**EXERCISE:** From the records below, extract only the lines running from the line with "Tartelette Framboise Poivron" to the line with "The EARidescent Collection", both lines included, reproducing them exactly.

**PROVIDED DATA:**

=== Section Start ===

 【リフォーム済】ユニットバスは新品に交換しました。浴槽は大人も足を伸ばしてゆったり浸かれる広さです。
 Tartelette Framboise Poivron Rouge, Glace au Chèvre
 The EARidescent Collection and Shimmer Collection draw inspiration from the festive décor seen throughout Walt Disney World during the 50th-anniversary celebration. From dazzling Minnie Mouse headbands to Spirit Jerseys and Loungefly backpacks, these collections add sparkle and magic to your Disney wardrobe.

=== Section End ===
=== Section Start ===

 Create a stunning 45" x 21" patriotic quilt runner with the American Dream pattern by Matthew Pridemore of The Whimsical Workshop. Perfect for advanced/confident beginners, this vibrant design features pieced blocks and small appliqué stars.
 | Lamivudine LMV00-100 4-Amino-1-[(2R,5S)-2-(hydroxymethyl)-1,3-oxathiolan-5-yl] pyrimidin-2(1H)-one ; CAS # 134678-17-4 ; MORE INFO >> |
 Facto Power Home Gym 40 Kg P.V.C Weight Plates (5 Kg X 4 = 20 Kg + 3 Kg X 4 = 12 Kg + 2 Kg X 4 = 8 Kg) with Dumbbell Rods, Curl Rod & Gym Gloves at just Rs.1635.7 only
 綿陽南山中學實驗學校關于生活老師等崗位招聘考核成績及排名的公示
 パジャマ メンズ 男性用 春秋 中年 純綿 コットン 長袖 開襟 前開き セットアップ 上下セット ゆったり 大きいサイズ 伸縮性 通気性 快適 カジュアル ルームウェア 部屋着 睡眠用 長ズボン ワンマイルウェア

=== Section End ===
=== Section Start ===

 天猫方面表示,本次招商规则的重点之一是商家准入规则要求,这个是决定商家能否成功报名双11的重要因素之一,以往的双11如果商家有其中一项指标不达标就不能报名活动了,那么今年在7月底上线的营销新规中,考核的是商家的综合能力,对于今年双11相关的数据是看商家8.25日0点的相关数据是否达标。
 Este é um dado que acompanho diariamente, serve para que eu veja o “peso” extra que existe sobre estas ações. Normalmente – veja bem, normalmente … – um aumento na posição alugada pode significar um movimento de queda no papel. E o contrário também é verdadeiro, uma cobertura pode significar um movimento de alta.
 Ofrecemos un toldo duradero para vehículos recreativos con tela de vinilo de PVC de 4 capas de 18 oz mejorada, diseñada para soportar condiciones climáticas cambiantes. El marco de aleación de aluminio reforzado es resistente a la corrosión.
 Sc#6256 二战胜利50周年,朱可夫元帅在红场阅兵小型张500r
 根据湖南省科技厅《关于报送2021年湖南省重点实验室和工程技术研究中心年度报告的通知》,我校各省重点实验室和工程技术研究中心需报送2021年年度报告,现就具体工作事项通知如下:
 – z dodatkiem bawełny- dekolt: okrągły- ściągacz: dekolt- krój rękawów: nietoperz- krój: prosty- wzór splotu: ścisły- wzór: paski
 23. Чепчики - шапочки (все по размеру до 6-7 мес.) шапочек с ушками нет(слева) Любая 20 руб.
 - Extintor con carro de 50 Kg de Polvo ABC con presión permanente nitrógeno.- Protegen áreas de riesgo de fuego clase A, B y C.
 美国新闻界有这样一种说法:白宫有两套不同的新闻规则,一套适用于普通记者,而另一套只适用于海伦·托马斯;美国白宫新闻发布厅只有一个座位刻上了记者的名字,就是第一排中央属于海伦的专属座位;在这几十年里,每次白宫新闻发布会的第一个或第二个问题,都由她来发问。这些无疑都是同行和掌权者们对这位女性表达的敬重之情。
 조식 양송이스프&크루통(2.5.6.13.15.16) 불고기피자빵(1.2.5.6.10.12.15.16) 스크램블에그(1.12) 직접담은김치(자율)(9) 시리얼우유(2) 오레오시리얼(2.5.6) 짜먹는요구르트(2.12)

=== Section End ===

**TASK RESULT:**
 Tartelette Framboise Poivron Rouge, Glace au Chèvre
 The EARidescent Collection and Shimmer Collection draw inspiration from the festive décor seen throughout Walt Disney World during the 50th-anniversary celebration. From dazzling Minnie Mouse headbands to Spirit Jerseys and Loungefly backpacks, these collections add sparkle and magic to your Disney wardrobe.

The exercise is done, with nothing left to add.